Brit's-eye view

The specter of American gender extremism is making ripples across the Atlantic.

Published February 19, 2000 5:00PM (EST)

In England, the gender wars are often viewed as a peculiar form of "dementia Americana." There is a common, and not entirely groundless, belief among Europeans that Americans have a propensity to take even good ideas to absurd extremes: Convince the Yanks that working women should be protected from sexual extortion by the boss, and the next thing you know they're outlawing lascivious glances at the office.

And yet two days before Valentine's Day, here we were at a conference in London titled "Sex Wars," discussing such familiar problems as the politicization of the personal, the demonization of men and paranoia about sex and relationships.

The conference, held at the Institute of Contemporary Arts just a short walk from Buckingham Palace -- itself the site of some famous sex wars in recent memory -- was organized by a discussion/debate group called the Maverick Club and the libertarian-leaning, iconoclastic monthly LM.

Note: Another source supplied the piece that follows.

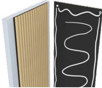
Liimalla asennettaessa liimaa levitetään kauttaaltaan levyn taakse.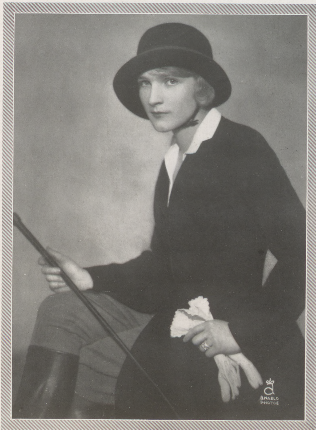
Auersperg Rudolphine grófnő

A crowd of nearly 300 people, less predominantly female than gatherings at gender-related events stateside, came to hear academics, journalists and others tackle subjects ranging from "Regulating Passion" ("What impact does an increased awareness of issues such as sexual harassment, domestic violence and date rape have on the way we enter into relationships?") to "Sex and the Single Girl" ("Has the demise of long-term relationships led to greater emotional fulfillment, or will it result in an epidemic of lonely singletons, too cautious to make a commitment?").

The specter of American gender extremism, invoked as a cautionary tale, hovered at times over the proceedings -- particularly when University of Massachusetts (Amherst) professor Daphne Patai, author of the 1999 book
"Heterophobia: Sexual Harassment and the Future of Feminism," talked about the depredations of the "sexual harassment industry" in the United States. (Full disclosure: I was a speaker as well, unpaid but reimbursed for travel expenses.)

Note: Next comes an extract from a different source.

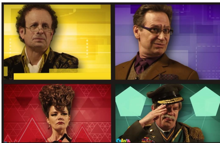
Figura 9: Mistério no Solar Geometria

Assim, o episódio trata de racionalidades, ou seja, conhecimentos que estão baseados na lógica. Diferentemente da primeiridade, que compreende o sensível do interpretador, a terceira categoria dos signos requer uma observação mais determinada e normatizada, como é o caso do episódio que ensina ao telespectador mirim os assuntos matemáticos através da Geometria.

But that's not to say everything was quiet on the sex-wars front on British soil. One story freshly ripped from the headlines was a hefty award of damages -- 400,000 pounds (about $700,000) -- to a man who had sued a female
co-worker for libel after she falsely accused him of rape. Many feminists were dismayed, especially by the judge's decision to make the woman's name
public; one activist fumed that "the judge needs shooting."

On the first conference panel, "The War of the Sexes," University of Kent sociologist Frank Furedi cited the brouhaha as evidence of how polarized
discourse about sex and gender had grown -- on one side, men's movement activists (yes, they have them in England) gleefully rubbing their hands that
a woman had finally been punished for falsely accusing a man, and on the other, feminists basically conceding that she lied yet complaining that the punishment would deter real victims from coming forward. Furedi noted that
no one was looking at the specifics of the case or at the individuals involved. Such divisiveness, he added, had become typical of popular and even academic
discussions of gender: "Either feminism is accused of stoking up anti-man passions and of inventing problems that do not exist, or men are said to be waging a war against women and systematically using violent tactics like stalking, battering and rape to maintain their hegemony."

A good part of the "War of the Sexes" panel focused on an issue that has enough resonance in England to make Susan Faludi a happy woman: the plight of men. Curiously, the strongest plea for the newly beleaguered gender was offered by Sunday Times columnist Melanie Phillips, author of a controversial new book, "The Sex-Change Society: Feminised Britain and the Neutered Male." She painted a bleak picture indeed: Men are
demonized in feminist rhetoric, made increasingly redundant in family life, subjected to discrimination in divorce courts and virtually presumed to be violent and abusive toward women.

"Women have to stand up and say, 'What has
been done in our name is wrong,'" declared Phillips. "No one should reach emancipation on the backs of somebody else's enslavement." There was some
discussion about whether men as a group should themselves stand up to feminist excesses, and why they had not done so. "We're all vulnerable to the suggestion that we've been prejudiced or beastly to someone," ventured
Phillips, explaining that men are "very intimidated" by charges of being sexist.

A few men did speak up during the question and answer period, though one of them actually voiced his dismay at the idea of a men's movement, saying that he had already seen "angry men on television complaining about feminist bitches." (Now there's a cultural difference: We don't hear such complaints on TV.)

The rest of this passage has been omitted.